Before the pandemic and the enactment of the national security law in 2020, July 1 — the anniversary of Hong Kong’s handover from British to Chinese rule — was traditionally marked by pro-democracy marches.
On this day three years ago, turnout was boosted by anger over a proposed law that would have allowed extradition from the city to China, which brought hundreds of thousands of Hong Kongers into the streets, eventually forcing the government to suspend the bill.
Critics feared the law could be used to seize government critics and send them across the border to face trial in a system with a 99% conviction rate and a history of political prosecutions.
Before the main march got underway on July 1, 2019, a small, breakaway group of protesters — many of them in their teens and 20s and wearing masks, helmets and other protective gear — surrounded the Legislative Council complex.
Using makeshift battering rams and metal bars to smash through reinforced glass, members of the group forced their way into LegCo, where they daubed anti-extradition bill slogans on the walls, smashed the interior and draped the territory’s former colonial flag across the main chamber’s central podium.
Police did not act as protesters attacked the building or stormed inside, and hundreds were able to remain in the legislature for up to three hours, before word of an imminent clearance operation brought them back onto the streets.
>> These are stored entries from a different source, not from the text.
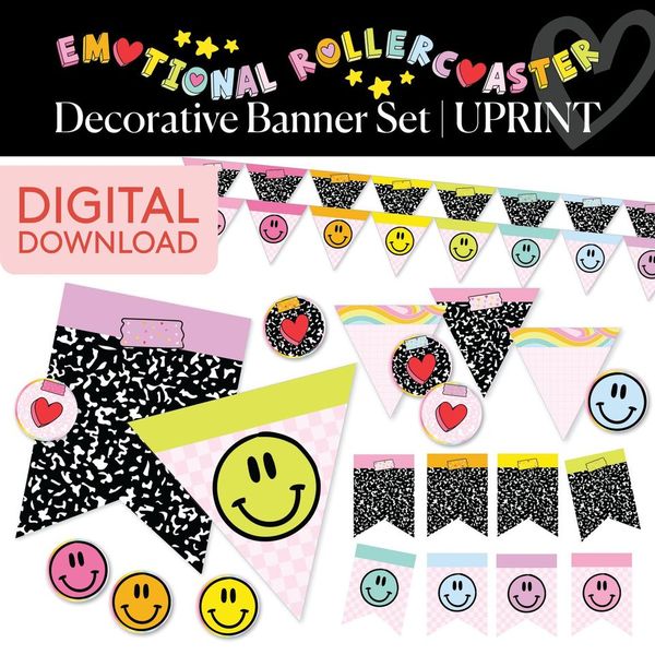 Add a burst of color and joy to your classroom with the Printable Rainbow Pastel Decorative Banner Set from the Emotional Rollercoaster collection! This set features playful, smiley face designs, vibrant pastel colors, and fun shapes like hearts and cheerful patterns. Perfect for decorating bulletin boards, doorways, or any space that needs a lively, welcoming touch, this banner set creates an inviting and positive atmosphere for students!
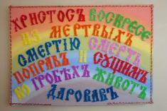К празднику светлого Христового Воскресенья такая выставка открылась в выставочном зале областной организации национального союза художников Украины (Проспект Мира, 34). Здесь представлены разнообразные детские работы на пасхальную тематику – рисунки, аппликации, картины из разных материалов и писанки.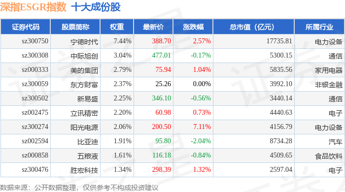证券之星消息,11月5日,深指ESGR(470026)指数报收于18943.5点,涨0.42%,成交4073.77亿元,换手率1.65%。当日该指数成份股中,上涨的有202家,东方日升以11.15%的涨幅领涨,下跌的有188家,完美世界以6.01%的跌幅领跌。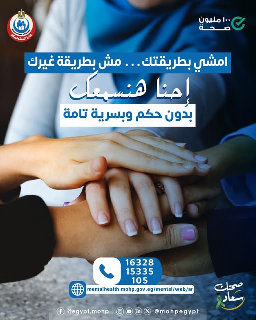 وتحت شعار «صحتك سعادة»، وجهت الوزارة رسالة توعوية تؤكد فيها: «امشِ بطريقتك… من غير ضغط ومن غير خوف»، موضحة أن كل فرد يمكنه طلب المساعدة والتحدث بحرية تامة دون أحكام، مع ضمان السرية الكاملة للخدمات المقدمة.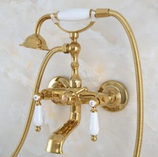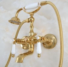 Bathroom Plumbing Gold Color Brass Bath Tub Clawfoot Faucet With Hand Shower

Within minutes of protesters taking a collective decision to exit the building police fired tear gas and used baton charges to disperse the crowd.
The next day, Hong Kong’s then leader Carrie Lam condemned the protesters’ actions, saying they had used “extreme … violence and vandalism.”
The Chinese government’s reaction was similarly critical. A spokesman for the State Council’s Hong Kong and Macau Affairs Office said the “radical” demonstrations had been an “open challenge” to the city’s system of governance.
“This kind of severe illegal action damages Hong Kong’s rule of law, social order and hurts Hong Kong’s fundamental interests,” the statement said, adding that Beijing was fully behind the city’s police force.
How it’s viewed today: The storming of LegCo marked a turning point in the protest movement and China’s view of it. Exactly a year later, Beijing bypassed the city’s legislature to impose the national security law on the city, which critics say, has been used to crush the city’s opposition movement, overhaul its electoral system, silence its outspoken media and cripple its once-vibrant civil society.